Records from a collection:

________

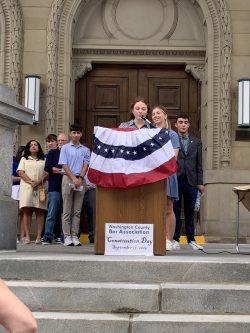 Students, lawyers and lovers of the constitution gathered on the Washington county courthouse steps Tuesday afternoon to mark the 237th anniversary of the signing of one of the country’s most important documents – The United States Constitution. Constitution Day recognizes the actual date the document was signed into law, September 17, 1787. The Washington County Bar association sponsors the annual event and association President Todd Pappasergi says members of the community and students gather for about 90 minutes every year to read the document in its entirety.
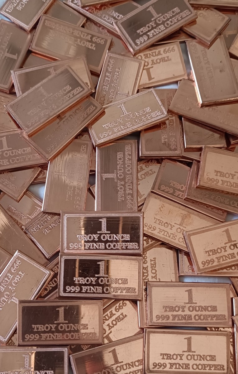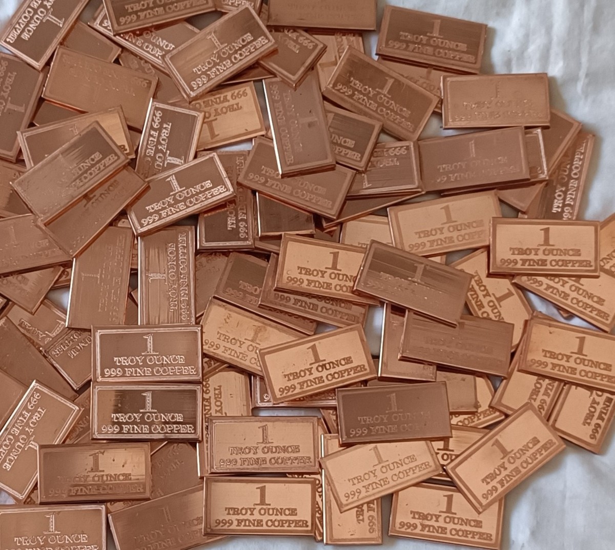 25 BARRAS DE LINGOTE DE COBRE FINO .999 DE 1 Oz
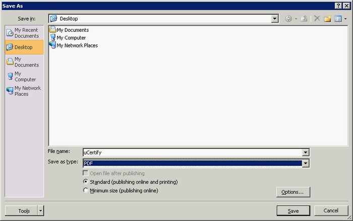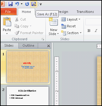 You have created a PowerPoint presentation but due to some reason, you want to save that presentation in PDF. Which of the following steps will you take to accomplish the task?
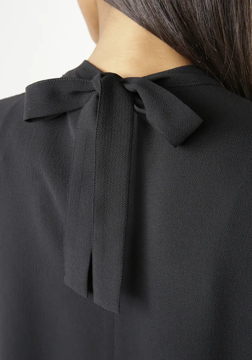 Небольшой воротник-стойка с разрезом и завязкой сзади.
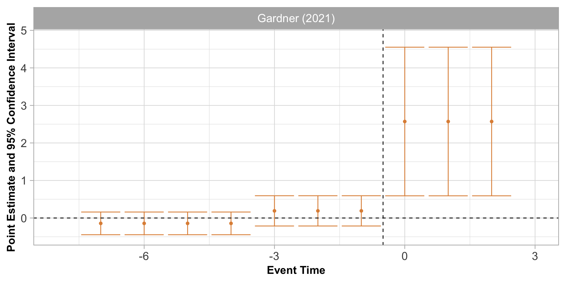 regress the output residuals on the treatment residuals \(\tilde{y}_{igt} = \tau\tilde{D}_{gt} + \tilde{\varepsilon}_{gt}\)
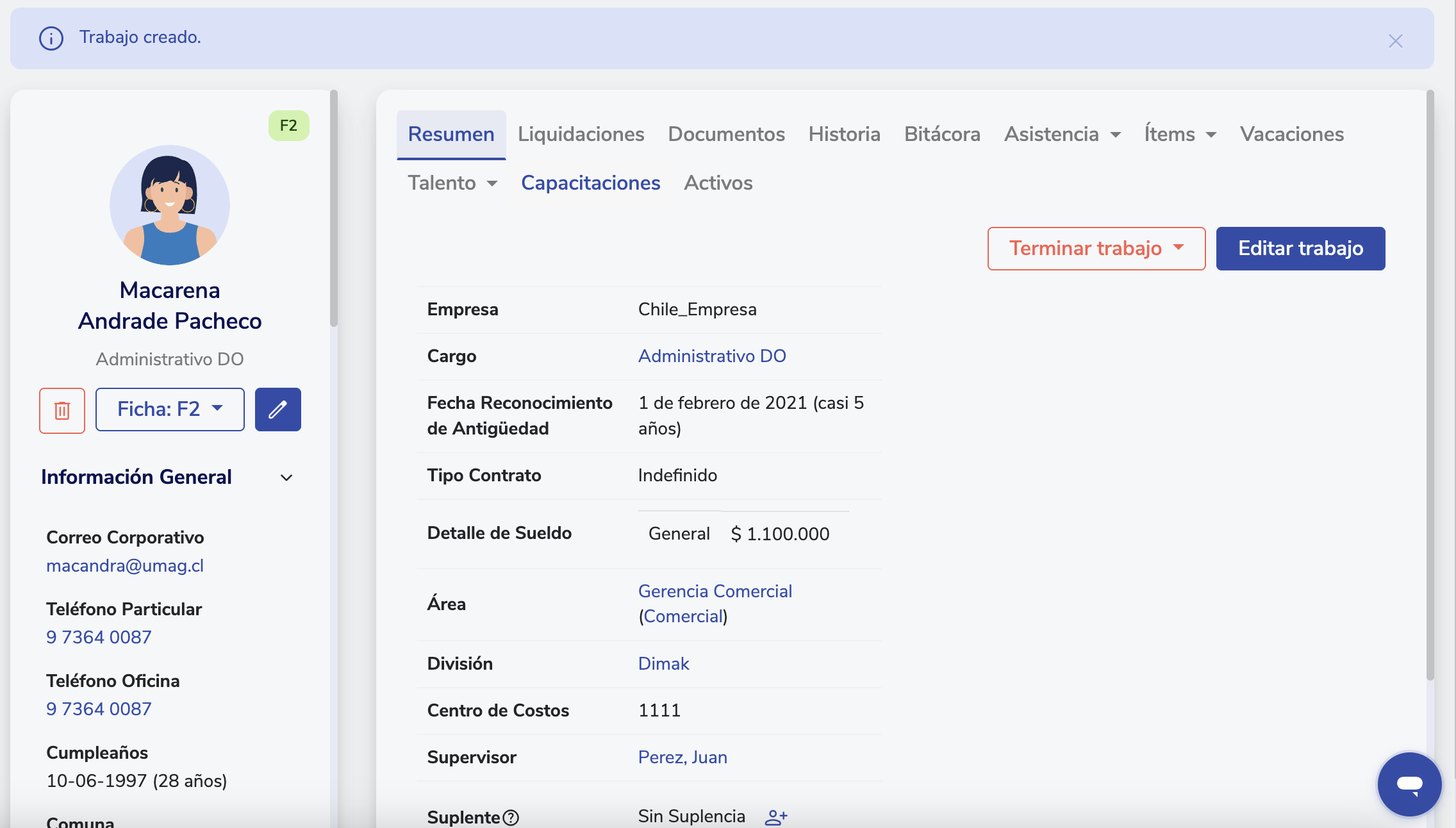 Una vez dentro de la ficha verás un resumen de los datos personales y del trabajo del colaborador. Además, podrás ver información específica de ese colaborador de liquidaciones o nóminas, documentos, bitácora, etc.

________

[PROMPT]: Pictures are to be omitted. The lines from the line holding "regress the output" through the closing line of the data above are to be set down exactly, and nothing more.

[WRITTEN RESPONSE]:
 regress the output residuals on the treatment residuals \(\tilde{y}_{igt} = \tau\tilde{D}_{gt} + \tilde{\varepsilon}_{gt}\)
 Una vez dentro de la ficha verás un resumen de los datos personales y del trabajo del colaborador. Además, podrás ver información específica de ese colaborador de liquidaciones o nóminas, documentos, bitácora, etc.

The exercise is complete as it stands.